Required work :: No pictures, please. Output the lines from the start of the data through the line that contains "제안서 구조 설계에 소요되던", both included, exactly as they stand.

Task material ::
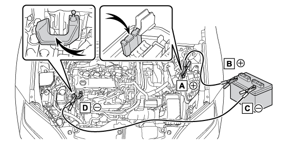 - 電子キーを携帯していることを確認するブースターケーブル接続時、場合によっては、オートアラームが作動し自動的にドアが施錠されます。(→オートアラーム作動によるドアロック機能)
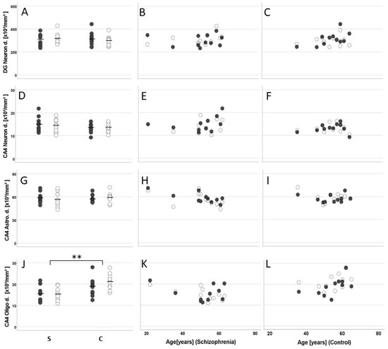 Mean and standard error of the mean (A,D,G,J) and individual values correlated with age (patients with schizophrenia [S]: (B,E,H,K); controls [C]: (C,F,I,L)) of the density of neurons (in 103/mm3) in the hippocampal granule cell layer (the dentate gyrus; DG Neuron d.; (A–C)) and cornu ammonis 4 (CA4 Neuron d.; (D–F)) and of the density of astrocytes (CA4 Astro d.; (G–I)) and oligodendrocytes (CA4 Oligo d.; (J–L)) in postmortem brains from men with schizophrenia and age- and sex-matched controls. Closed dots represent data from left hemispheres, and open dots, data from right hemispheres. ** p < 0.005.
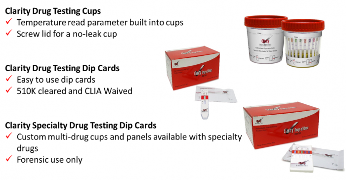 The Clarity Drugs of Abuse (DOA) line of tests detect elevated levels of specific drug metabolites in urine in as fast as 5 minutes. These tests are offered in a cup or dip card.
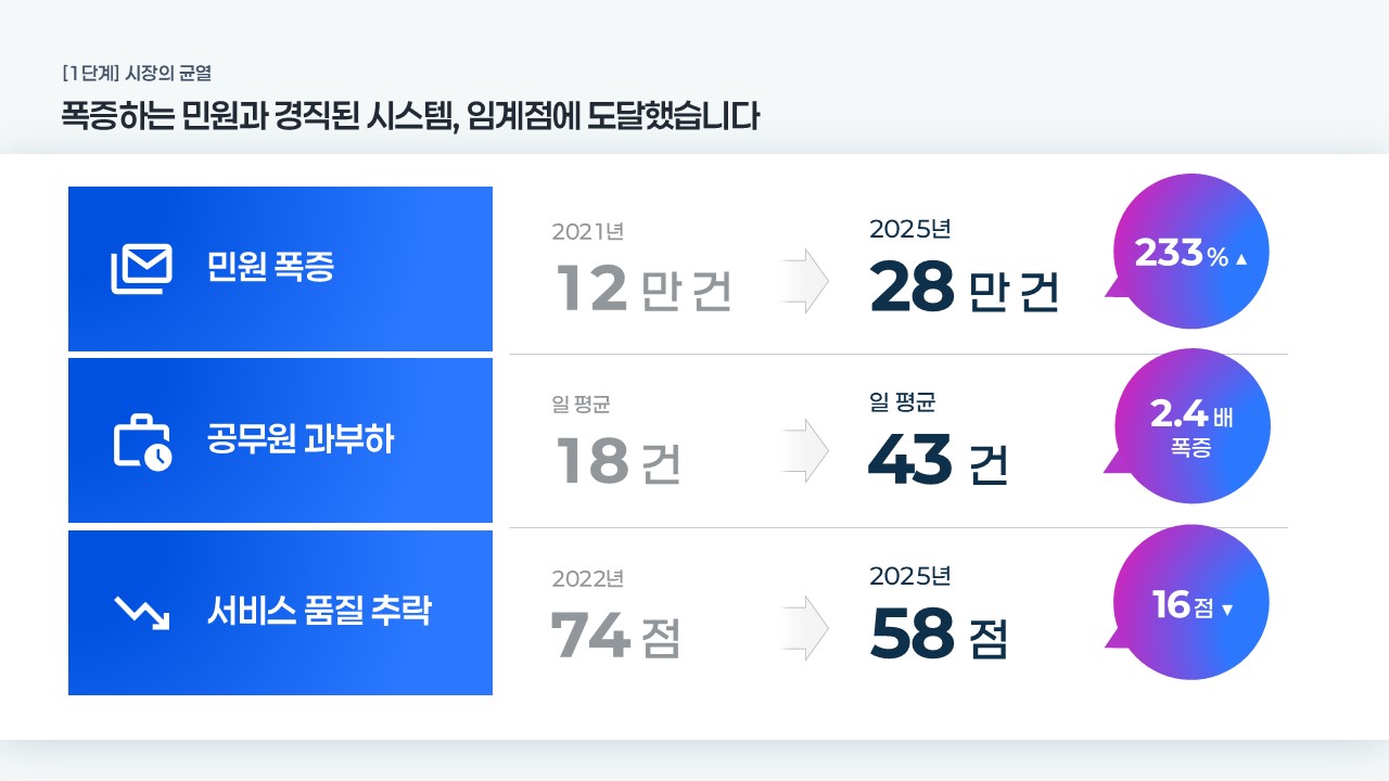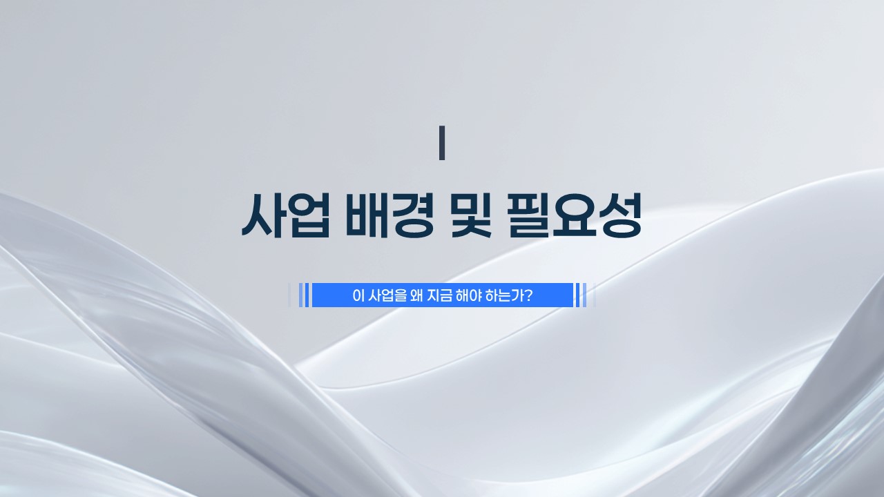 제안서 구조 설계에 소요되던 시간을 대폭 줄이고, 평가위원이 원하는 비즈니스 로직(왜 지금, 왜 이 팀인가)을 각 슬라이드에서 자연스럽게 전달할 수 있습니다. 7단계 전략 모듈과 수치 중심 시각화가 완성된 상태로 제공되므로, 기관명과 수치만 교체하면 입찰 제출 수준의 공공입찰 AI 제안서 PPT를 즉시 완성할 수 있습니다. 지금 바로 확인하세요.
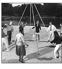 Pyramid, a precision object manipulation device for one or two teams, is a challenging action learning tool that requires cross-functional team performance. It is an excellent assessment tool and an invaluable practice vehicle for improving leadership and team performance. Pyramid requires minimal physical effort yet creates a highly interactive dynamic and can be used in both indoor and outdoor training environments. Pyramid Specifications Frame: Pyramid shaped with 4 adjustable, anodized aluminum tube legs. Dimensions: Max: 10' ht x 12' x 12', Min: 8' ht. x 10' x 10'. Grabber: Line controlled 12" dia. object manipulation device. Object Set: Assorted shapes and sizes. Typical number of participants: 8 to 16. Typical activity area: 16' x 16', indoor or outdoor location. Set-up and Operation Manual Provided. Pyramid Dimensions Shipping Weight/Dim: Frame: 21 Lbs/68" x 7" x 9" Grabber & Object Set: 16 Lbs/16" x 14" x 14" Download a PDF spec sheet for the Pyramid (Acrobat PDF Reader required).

Output of the exercise ::
 - 電子キーを携帯していることを確認するブースターケーブル接続時、場合によっては、オートアラームが作動し自動的にドアが施錠されます。(→オートアラーム作動によるドアロック機能)
 Mean and standard error of the mean (A,D,G,J) and individual values correlated with age (patients with schizophrenia [S]: (B,E,H,K); controls [C]: (C,F,I,L)) of the density of neurons (in 103/mm3) in the hippocampal granule cell layer (the dentate gyrus; DG Neuron d.; (A–C)) and cornu ammonis 4 (CA4 Neuron d.; (D–F)) and of the density of astrocytes (CA4 Astro d.; (G–I)) and oligodendrocytes (CA4 Oligo d.; (J–L)) in postmortem brains from men with schizophrenia and age- and sex-matched controls. Closed dots represent data from left hemispheres, and open dots, data from right hemispheres. ** p < 0.005.
 The Clarity Drugs of Abuse (DOA) line of tests detect elevated levels of specific drug metabolites in urine in as fast as 5 minutes. These tests are offered in a cup or dip card.
 제안서 구조 설계에 소요되던 시간을 대폭 줄이고, 평가위원이 원하는 비즈니스 로직(왜 지금, 왜 이 팀인가)을 각 슬라이드에서 자연스럽게 전달할 수 있습니다. 7단계 전략 모듈과 수치 중심 시각화가 완성된 상태로 제공되므로, 기관명과 수치만 교체하면 입찰 제출 수준의 공공입찰 AI 제안서 PPT를 즉시 완성할 수 있습니다. 지금 바로 확인하세요.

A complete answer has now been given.